I’ve enrolled in Swagbucks, which is simply a search engine. Everytime you search using Swagbucks, you have the chance of earning “Swagbucks” or points that can later be redeemed for some awesome rewards like Target or Amazon gift cards.

Some other common rewards programs include:
Staples Rewards
Border Rewards
CVS ExtraCareBucks
Rite Aid’s UP+ rewards
Walgreen’s Register Rewards

Coupon Code of Ethics – In general there are two types of coupons: manufacturer’s coupons and store coupons.

Manufacturer’s coupons
– The manufacturer issues these coupons and typically these coupons can be used at any store that accepts coupons and that sells the product specified on the coupon. The manufacturer reimburses the store at which you redeem these coupons.

Store coupons – The store/retail establishment issues these coupons. Typically they can only be used at the store that issued these coupons. For instance, you can use a Target store coupon at Target, but not at Walmart. In some rare cases, retail stores will accept “competitor’s coupons.

Couponing Rules:
1. Coupon Stacking – In some stores, you are allowed to “stack” coupons. This means you can use a store coupon AND a manufacturer’s coupon for the same item. For example, if Oreos are $3 at Target and you found a Target coupon for $1/1 pkg of Oreos and you also had a manufacturer’s coupon for $2/1 pkg of Oreos, you can use both coupons and get your Oreos for FREE! Always check your store’s coupon policy before attempting this.

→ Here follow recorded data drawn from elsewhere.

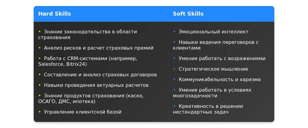 После: "Навыки ведения переговоров, работа с CRM-системами, знание страховых продуктов."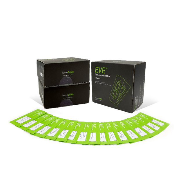 EVE™ Cell counting slides that contain two enclosed chambers to hold the sample to allow you to measure two different samples or perform replicates of the same sample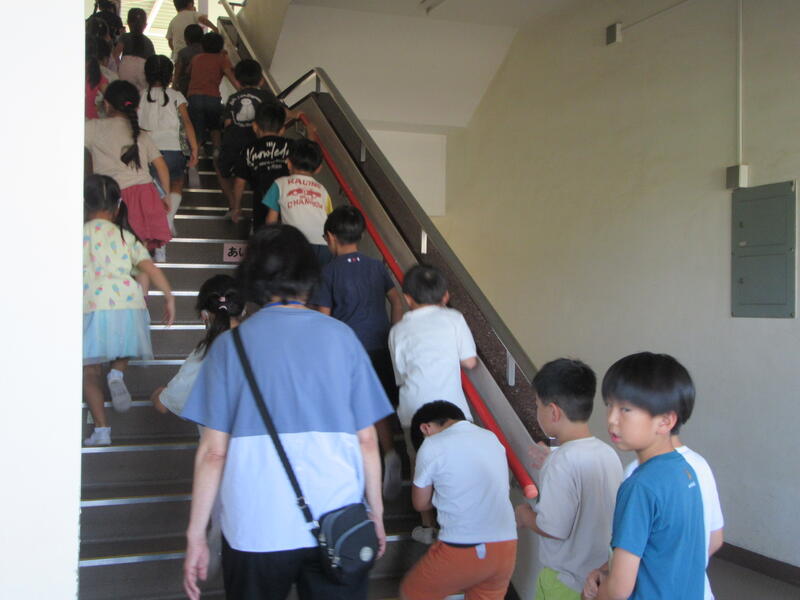 河川の氾濫の恐れがあり、市より避難指示が発令されたことを想定して、避難訓練を実施しました。校舎1階に教室がある1年生と6年生は、2階以上の特別教室に緊急避難を行いました。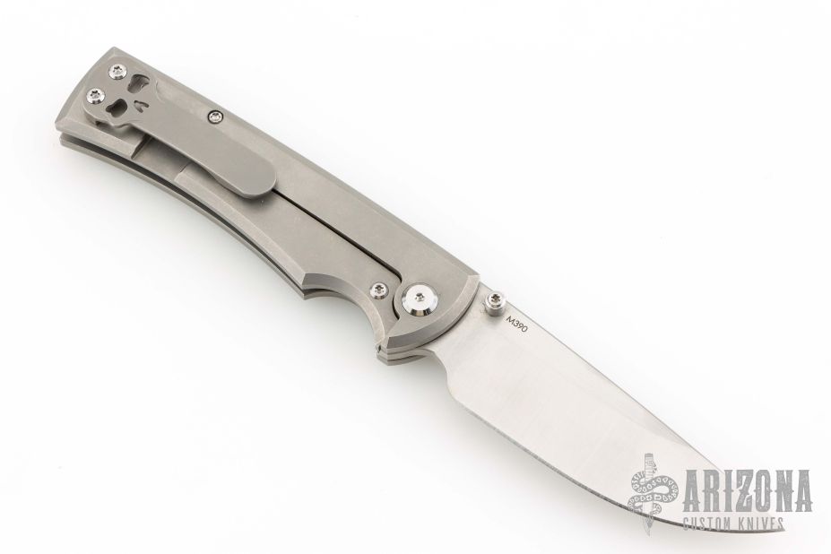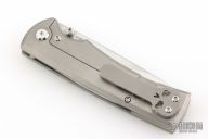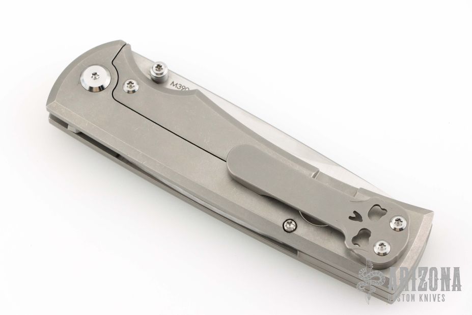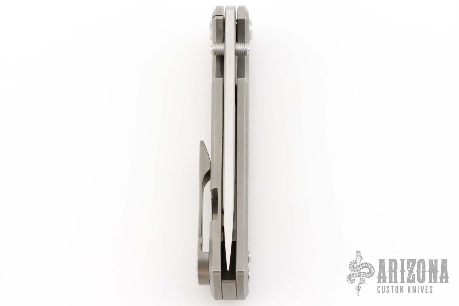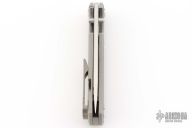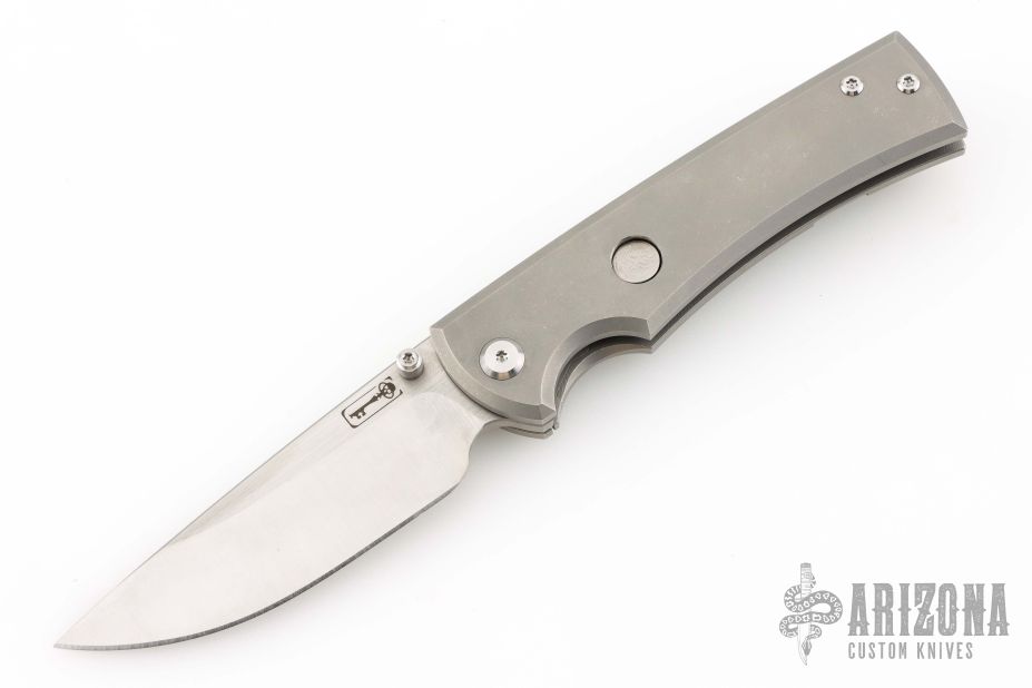 This Chaves Ultramar Liberation drop point has been professionally converted to a side-opening automatic by Kyle Vallotton. It features a satin finished blade with the Chaves logo, a tumbled titanium frame with skull pocket clip positioned for tip-up carry, and a matching titanium backspacer. Additional details include jeweled steel backspring. The knife comes with its original box and a spare titanium pocket clip, and is offered new from the maker.

2. You can only use a coupon once. If you bought four package of Oreos and had a coupon for $1/1, you cannot scan the coupon 4 separate times. Once you give the cashier your coupon and she scans it, you cannot use it again.

3. You can only use one manufacturer’s coupon (or store coupon) per item. Let’s go back to the Oreos example; if you have 2 coupons to save $1/1 pkg of Oreos and you only buy one package, you can only use one of those coupons. If you really, really wanted to use both coupons, you would have to buy a second package of cookies.

4. It is illegal to copy coupons. It is actually considered coupon fraud. I’m not sure if there is some secret Coupon Police, but I wouldn’t want to be holding up a long line of customers at Walmart because I tried to pass fraudulent coupons. There are legal ways of getting lots of copies of coupons.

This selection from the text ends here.